SÃO PAULO - Novas previsões de recuo da demanda global e indicadores de desemprego nos Estados Unidos reforçam hoje a tendência de baixa dos preços da commodity em Nova York. O aumento dos pedidos de seguro-desemprego nos EUA na última semana reiteram a visão pessimista a respeito do consumo do país, assim como o aumento dos estoques americanos de óleo e derivados, reportado ontem pelo Departamento de Energia dos Estados Unidos.

Valor Online |

Já no mercado londrino o vencimento do contrato mais curto, de fevereiro, opera em alta. O contrato expira hoje, o que atrai transações técnicas com o ativo. Vale notar também que os contratos em Nova York sofrem mais o efeito de ampliação dos estoques nos EUA do que os de Londres, onde o preço do barril mais negociado está valendo cerca de US$ 10 a mais.

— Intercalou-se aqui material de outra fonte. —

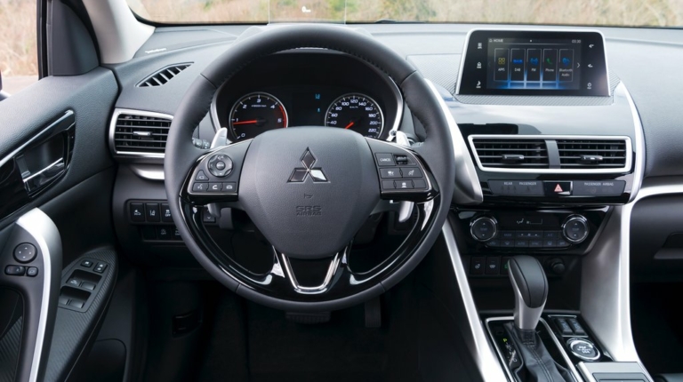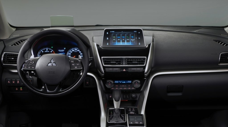 Интерьер Mitsubishi Eclipse Cross получил мультимедийный комплекс с «выдвижным» экраном, управление которым осуществляется с помощью сенсорной панели (справа от рычага КПП). Предусмотрена поддержка смартфонов (Apple iOS и Android).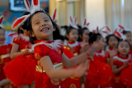 圖為小朋友裝扮成小白兔喜迎農(nóng)歷兔年的到來。

O contrato de WTI negociado para o mês de fevereiro em Nova York era negociado a US$ 35,42, com baixa de US$ 1,86. O vencimento para o mês seguinte declinava US$ 1,47, para US$ 42,72. Em Londres, o barril de Brent para o próximo mês aponta US$ 45,19, com aumento de US$ 0,11. O vencimento para março é vendido a US$ 47, com desvalorização de US$ 0,62.

As solicitações de seguro-desemprego aumentaram em 54 mil nos EUA, levando o estoque total para 524 mil em termos ajustados sazonalmente. Adicionalmente, a Organização dos Países Exportadores de Petróleo (Opep) divulgou hoje a previsão de que a demanda em relação ao óleo cru vendido pelos países do grupo deve cair 4,2% neste ano, para 29,5 milhões de barris por dia. O argumento é o ambiente de recessão em economias desenvolvidas como Estados Unidos, Europa e Japão.